Figure 2: Samples of the observations, \(\{y_{i}\}_{i=1}^{4}\), and the first two parameters, \(\{\xi_{i}\}_{i=1}^{2}\), drawn from the joint density.

We then fit a Gaussian density to these samples and define the preconditioning mapping.

mean_joint = joint_samples.mean(dim=0)
cov_joint = joint_samples.T.cov()
dim_joint = mean_joint.numel()

domain = dt.BoundedDomain(bounds=torch.tensor([-5.0, 5.0]))
reference = dt.GaussianReference(domain)
preconditioner = dt.GaussianMapping(mean_joint, cov_joint, reference)

Next, we construct a functional tensor train (FTT) object.

basis = dt.Fourier(order=15)
bases = dt.ApproxBases(basis, dim_joint)
tt_options = dt.TTOptions(
    tt_method="fixed_rank", 
    init_rank=7, 
    max_als=1, 
    tol_l2_error=1.0e-01, 
    verbose=0
)
tt = dt.TT(tt_options)
ftt = dt.FTT(bases, tt)

We then define the sequence of bridging densities that will be approximated at each layer of the DIRT construction.

betas = 10.0 ** torch.linspace(-3.0, 0.0, 10)
bridge = dt.Tempering(betas)

Finally, we construct the DIRT approximation to the joint density.

dirt = dt.DIRT(target_func, preconditioner, ftt, bridge)

[DIRT] Iter:  1 | Cum. Fevals: 0.00e+00 | Cum. Time: 2.20e+00 s | DHell: 0.0000 | Beta: 0.0010 | ESS: 1.0000
[DIRT] Iter:  2 | Cum. Fevals: 1.87e+04 | Cum. Time: 4.79e+01 s | DHell: 0.0006 | Beta: 0.0022 | ESS: 1.0000
[DIRT] Iter:  3 | Cum. Fevals: 3.74e+04 | Cum. Time: 9.47e+01 s | DHell: 0.0008 | Beta: 0.0046 | ESS: 1.0000
[DIRT] Iter:  4 | Cum.

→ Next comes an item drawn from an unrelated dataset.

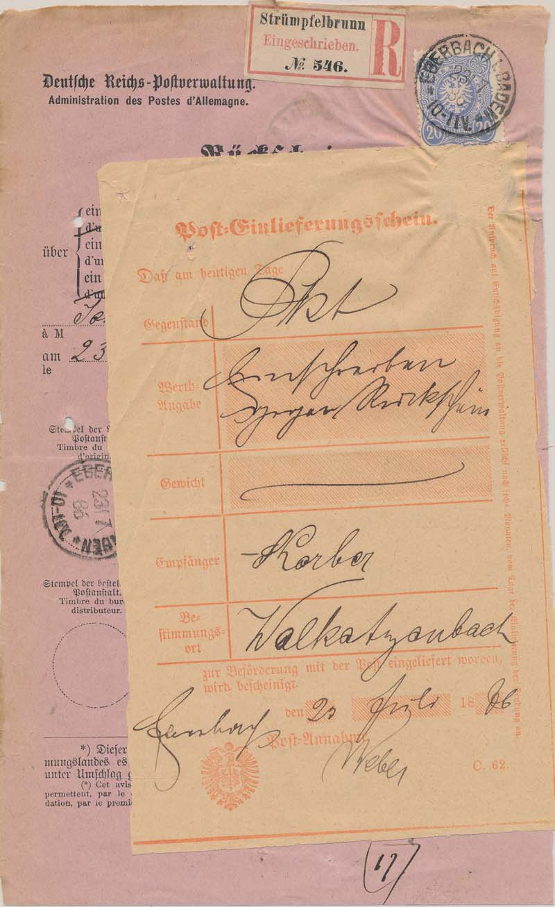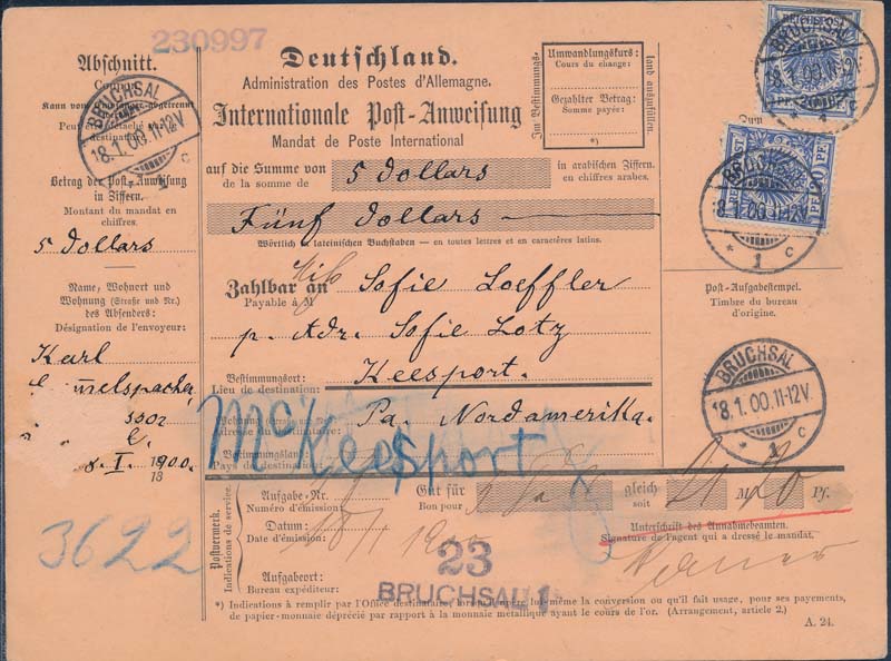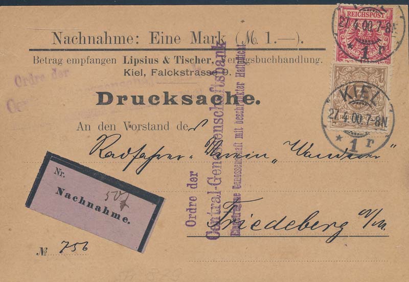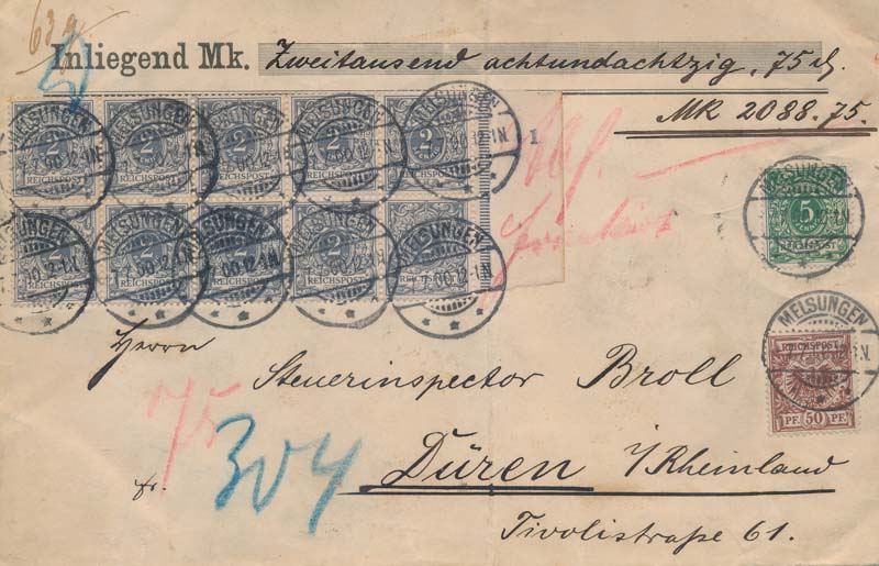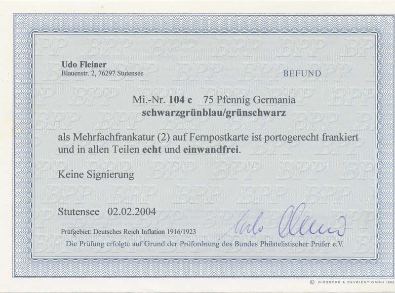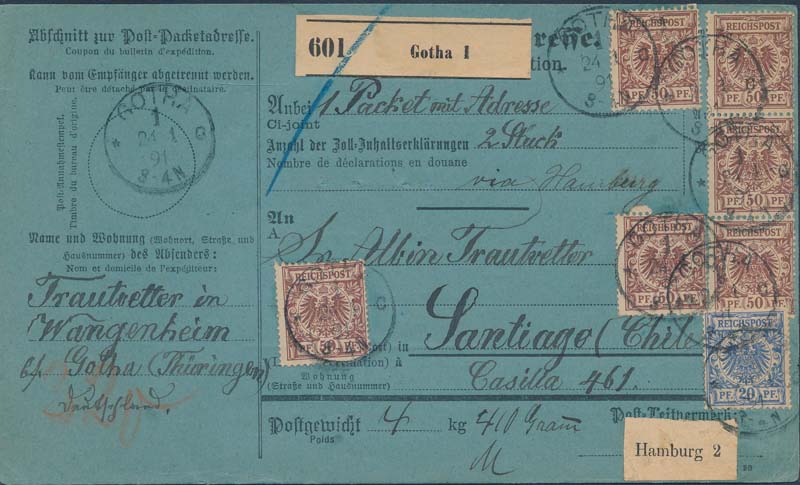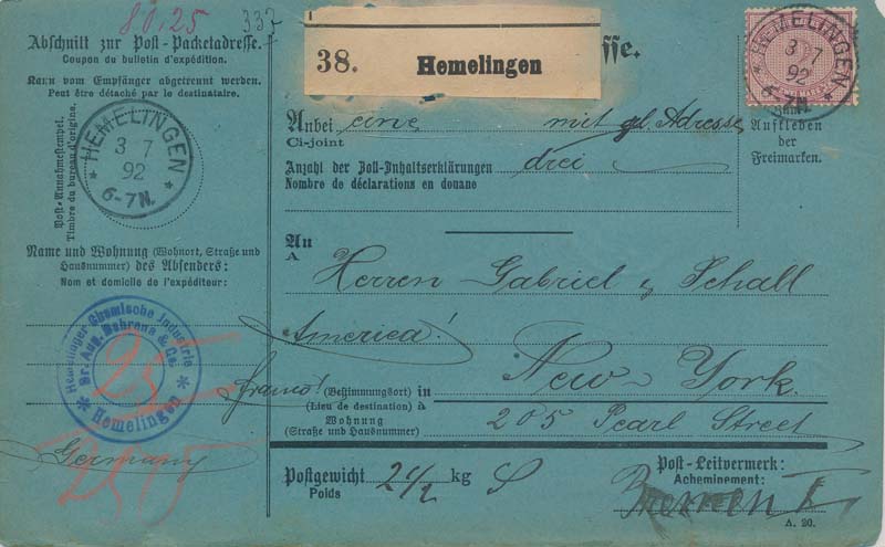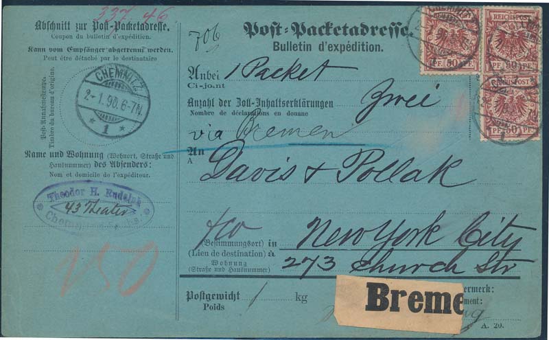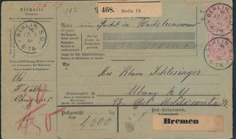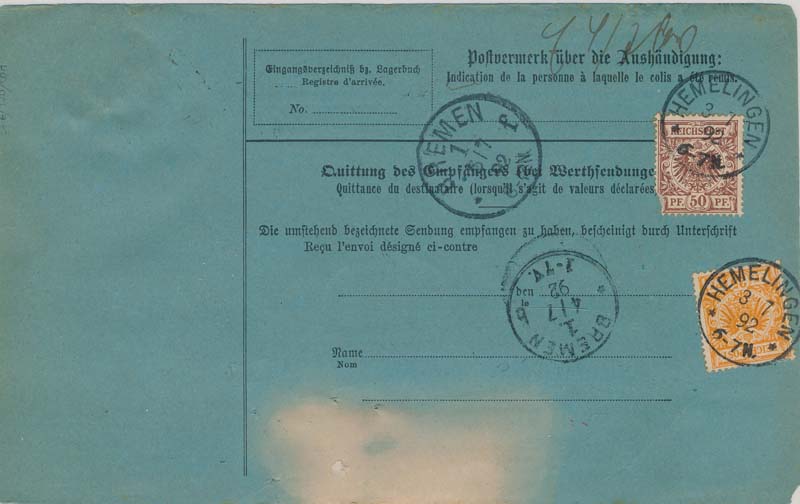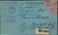2 Mk. Ziffer "e"-Farbe mit 25 u. 50 Pf. Krone-Adler "b" u. "d"-Farbe (vorder u. rücks. frankiert) auf Übersee-Paketkarte ab Hemelingen vom 3.7.92 in die USA 50 Pf. Eckfehler gepr. Wiegand |

Fevals: 5.61e+04 | Cum. Time: 1.42e+02 s | DHell: 0.0013 | Beta: 0.0100 | ESS: 0.9999
[DIRT] Iter:  5 | Cum. Fevals: 7.48e+04 | Cum. Time: 1.91e+02 s | DHell: 0.0027 | Beta: 0.0215 | ESS: 0.9996
[DIRT] Iter:  6 | Cum. Fevals: 9.35e+04 | Cum. Time: 2.40e+02 s | DHell: 0.0059 | Beta: 0.0464 | ESS: 0.9980
[DIRT] Iter:  7 | Cum. Fevals: 1.12e+05 | Cum. Time: 2.91e+02 s | DHell: 0.0097 | Beta: 0.1000 | ESS: 0.9931
[DIRT] Iter:  8 | Cum. Fevals: 1.31e+05 | Cum. Time: 3.43e+02 s | DHell: 0.0195 | Beta: 0.2154 | ESS: 0.9763
[DIRT] Iter:  9 | Cum. Fevals: 1.50e+05 | Cum. Time: 3.97e+02 s | DHell: 0.0400 | Beta: 0.4642 | ESS: 0.9181
[DIRT] Iter: 10 | Cum. Fevals: 1.68e+05 | Cum. Time: 4.52e+02 s | DHell: 0.0749 | Beta: 1.0000 | ESS: 0.7333
[DIRT] DIRT construction complete.
[DIRT]  • Layers: 10.
[DIRT]  • Total function evaluations: 186,960.
[DIRT]  • Total time: 8.46 mins.
[DIRT]  • DHell: 0.1643.

Amortised Inference

We can now use the constructed DIRT object to sample from an approximation to the (parameter) posterior density associated with an arbitrary set of observations.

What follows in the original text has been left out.